It’s February, and out of the blue Brinley gasps and says, “What if Santa is Jesus?!”
We’re driving on our way to a stock show and rodeo. “Rodeos are great, I think!” Brinley says excitedly. “It’s kind of like jury duty.”
Brin is talking about going to the doctor but struggles to find the right word. “I’m excited to go to the… health dentist.”
Sarah to the kids on Christmas morning, “No more cotton candy until you have your cinnamon rolls!”
We’re watching Home Alone for the first time. Brin is just aghast at the audacity of the villains doing their various crimes. She says, “ You know what I would do? I would sit on their faces… and toot on them!”
We drive past an empty lot where prairie dogs have taken over. Brinley exclaims, “Ooh! …ground… hogs. Wait, what are they called?”
“Prairie dogs.”
“Prairie dogs are the worst word because people can always forget the name.”
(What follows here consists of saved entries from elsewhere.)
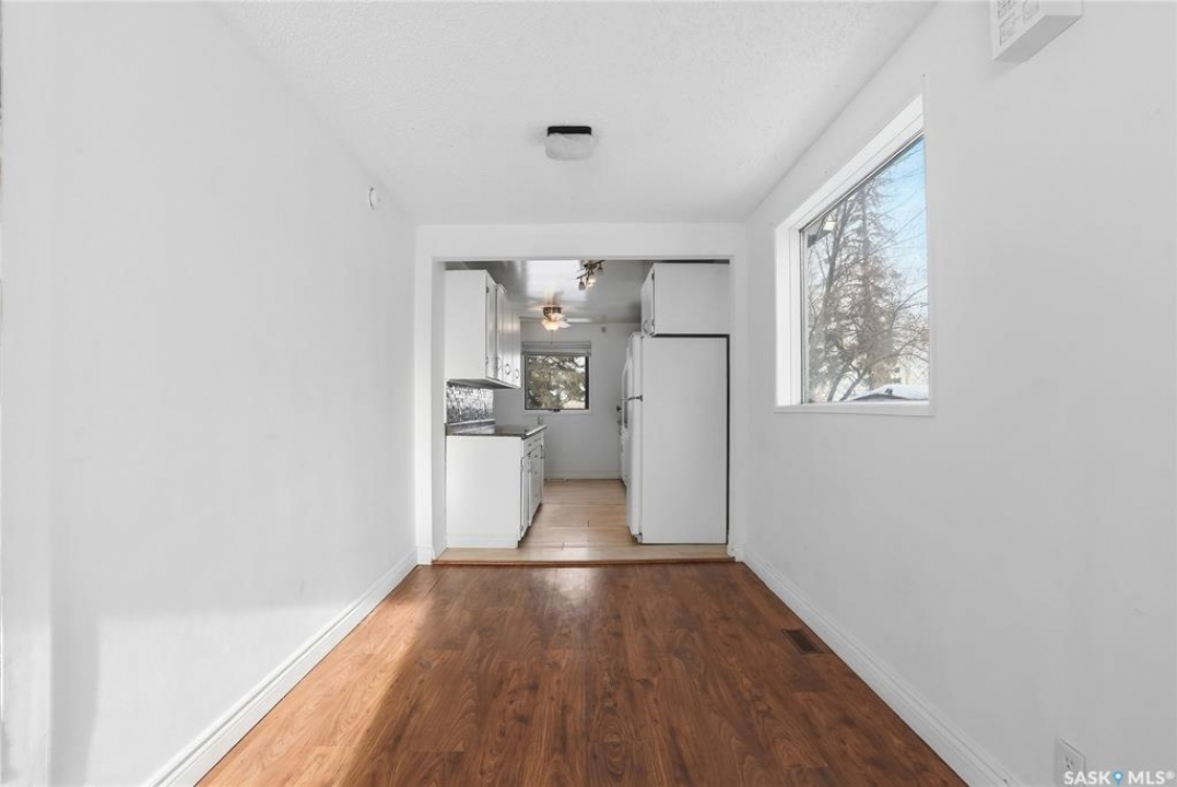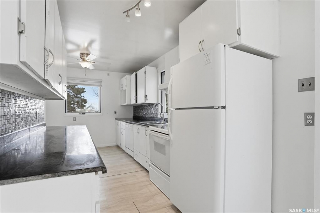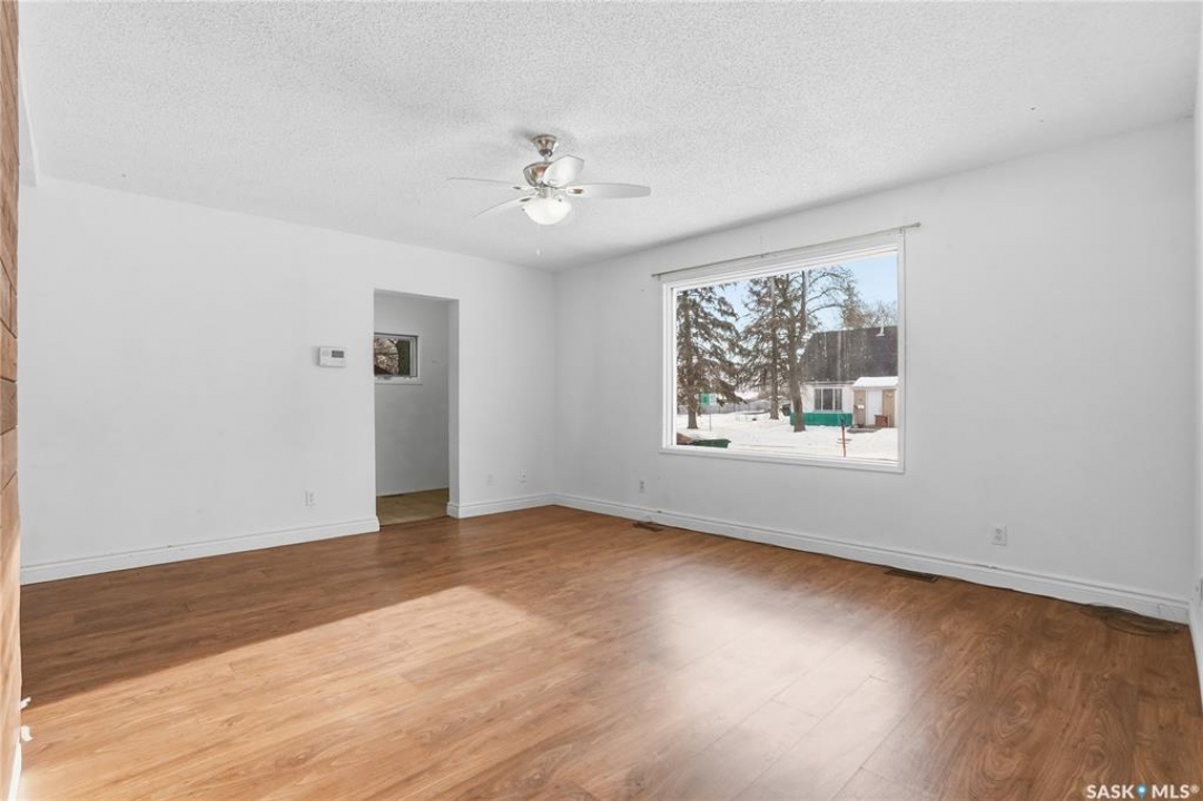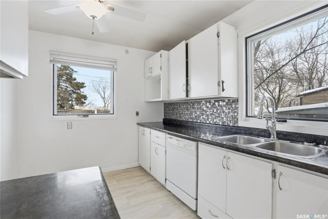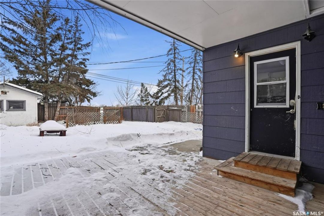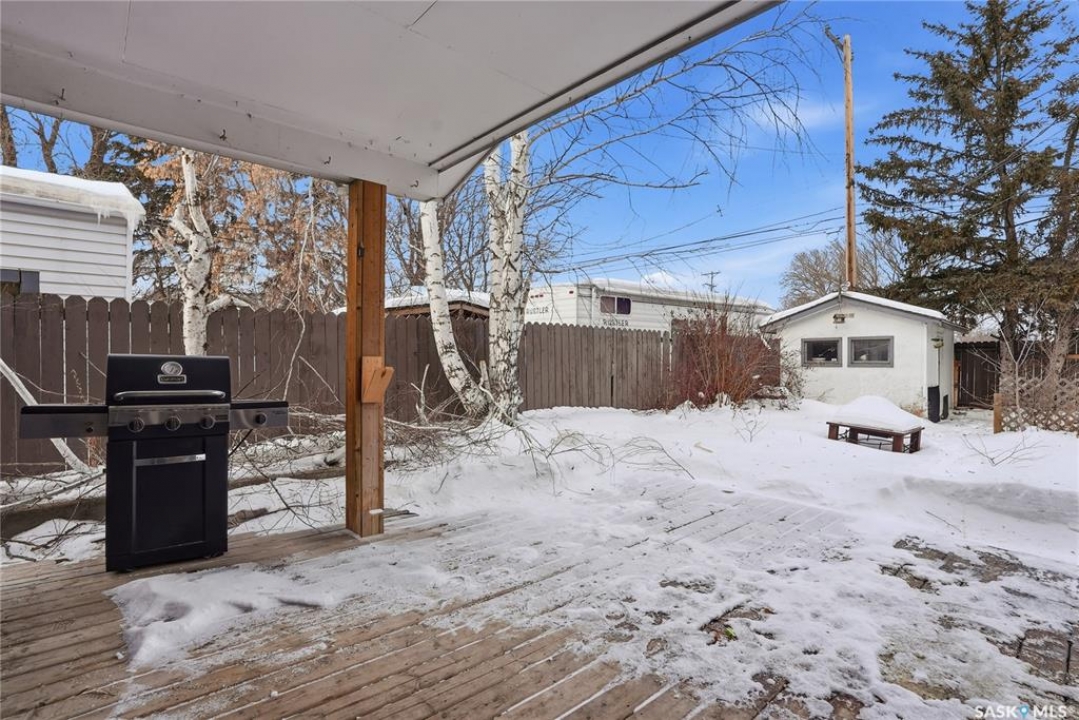 Welcome to 10 Connaught Place, a charming 903 sq ft bungalow tucked onto a quiet crescent in Saskatoon's Kelsey/Woodlawn neighbourhood. Built in 1957, this classic home has been refreshed for comfortable everyday living. Mature trees frame the front yard and the low-maintenance exterior delivers great curb appeal. Step inside to a bright, welcoming main floor with a spacious front living room, updated flooring and a fresh, neutral palette that's easy to personalize. A practical entry includes convenient closet storage to keep things tidy. The layout flows to the dining area and kitchen, where you'll appreciate crisp white cabinetry, a contemporary tile backsplash, generous counterspace and a window that keeps the space sunny while you cook. Down the hall are two comfortable bedrooms and a full bathroom. The fully developed basement adds excellent bonus space with a large family/rec room which can be used as a third bedroom, a second bathroom, dedicated laundry area and plenty of storage—ideal for a home office, gym, play space or movie nights. With an open footprint, you can create separate zones for entertaining, guests and hobbies and still have room to add your own finishing touches. Outside, enjoy a private backyard with space to relax, garden and host friends. A deck area is perfect for summer BBQs, and there's room for a firepit and play space. You'll also appreciate an oversized storage shed, extra parking and alley access. Located close to schools, parks, shopping, transit routes nearby and offering quick access to downtown and commuter routes, this 3 bedroom, 2 bathroom property is a fantastic option for first-time buyers, young families or investors looking for a move-in ready home in an established area. Don't miss it—book your showing today!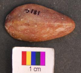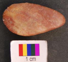 | Description / विवरण | It is a leaf shaped stone object with three facets. All of them are very well polished. It appears to be a polisher perhaps used for burnishing. |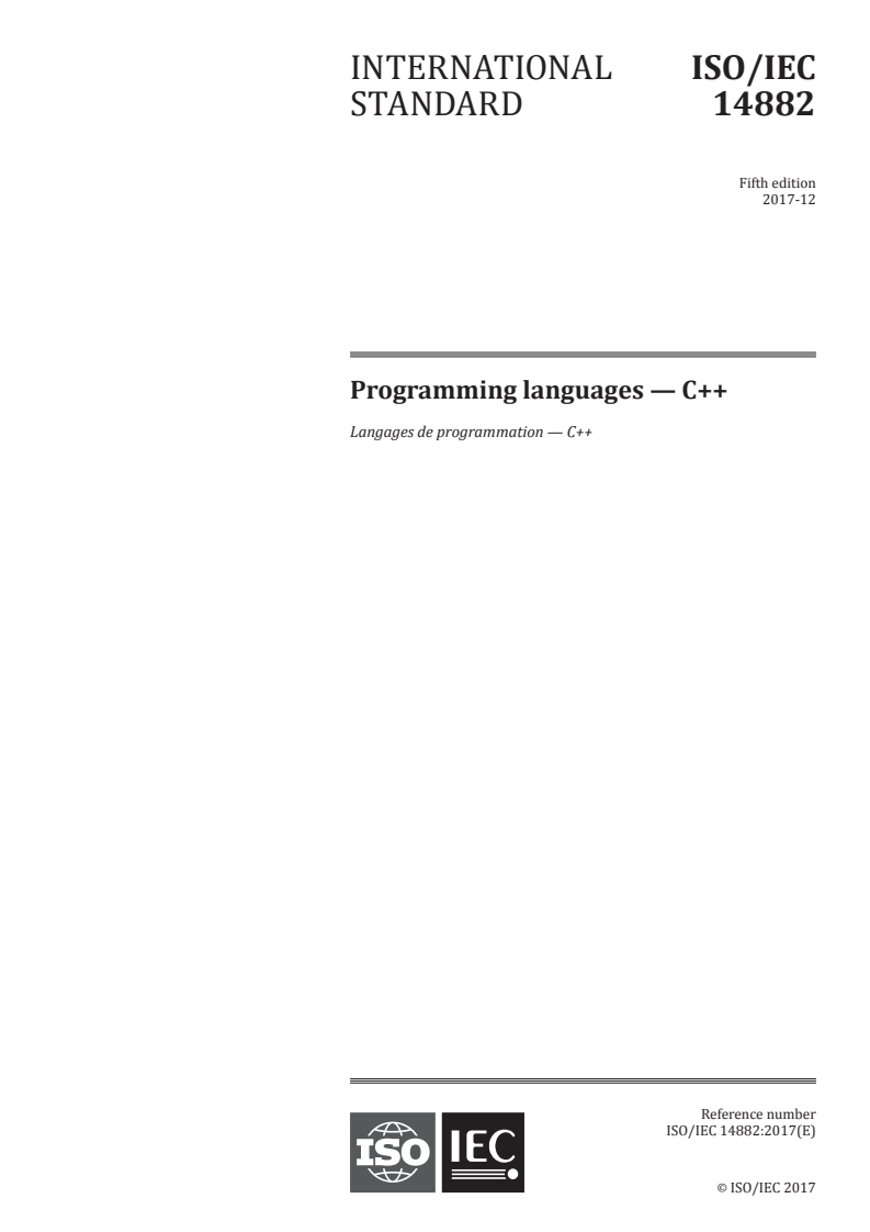 ISO/IEC 14882:2017 is a standard published by the International Organization for Standardization (ISO). Its full title is "Programming languages — C++". This standard covers: ISO/IEC 14882:2017 specifies requirements for implementations of the C++ programming language. The first such requirement is that they implement the language, so this document also defines C++. Other requirements and relaxations of the first requirement appear at various places within this document. C++ is a general purpose programming language based on the C programming language as described in ISO/IEC 9899:2011 Programming languages ? C (hereinafter referred to as the C standard). In addition to the facilities provided by C, C++ provides additional data types, classes, templates, exceptions, namespaces, operator overloading, function name overloading, references, free store management operators, and additional library facilities.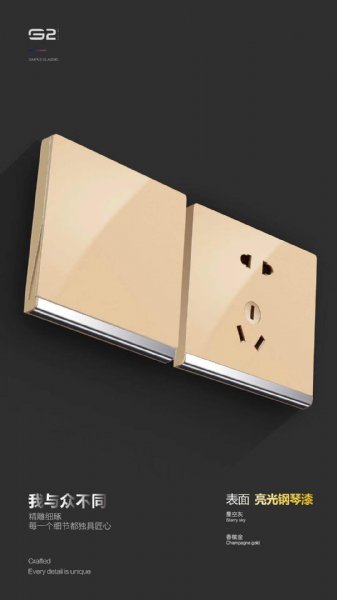 1、开关边框:(锌合金)金色 2、开关面板:黑色亚克力面板 3、开关尺寸:86型 4、开关功能:..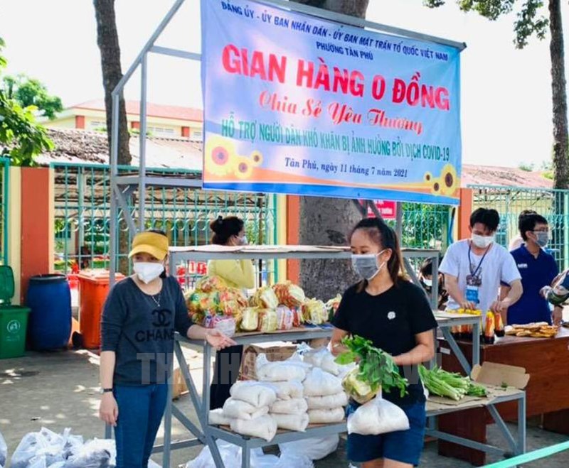 Với thông điệp “Trao yêu thương cùng chia sẻ”, phường Tân Phú đã vận động các cá nhân hảo tâm cùng nhau đóng góp, hỗ trợ cho những hoàn cảnh khó khăn trên địa bàn thông qua “Gian hàng 0 đồng”. Chương trình được hoạt động từ 8 giờ đến 11 giờ hàng ngày, tại 2 điểm: Trường Tiểu học Tân Phú và Trường THCS Tân Phú; mỗi ngày gian hàng sẽ phục vụ miễn phí cho 620 hộ dân.

Brinley: They should separate pee and poop.
Me: Um… what?
Brinley: Pee and poop sound too similar. They should call pee… pellevity.
Brinley, terrified of bees, comes across a dead bee on the sidewalk.
“Argh! A bee!”
“Don’t worry,” says Sarah, “It’s already dead.”
“Well, step on it and make it more dead.”
Tonight I shave while the kids are in the bath. Brin has fun likening me to Santa but then hits me with, “You don’t look jolly to me; you’re shaving off all of your love. Your beard.”
Brin awkwardly gets in the bath tonight and makes a bit of a splash. To calm any fears I might have she says, “Don’t be alert, I tried to do that.”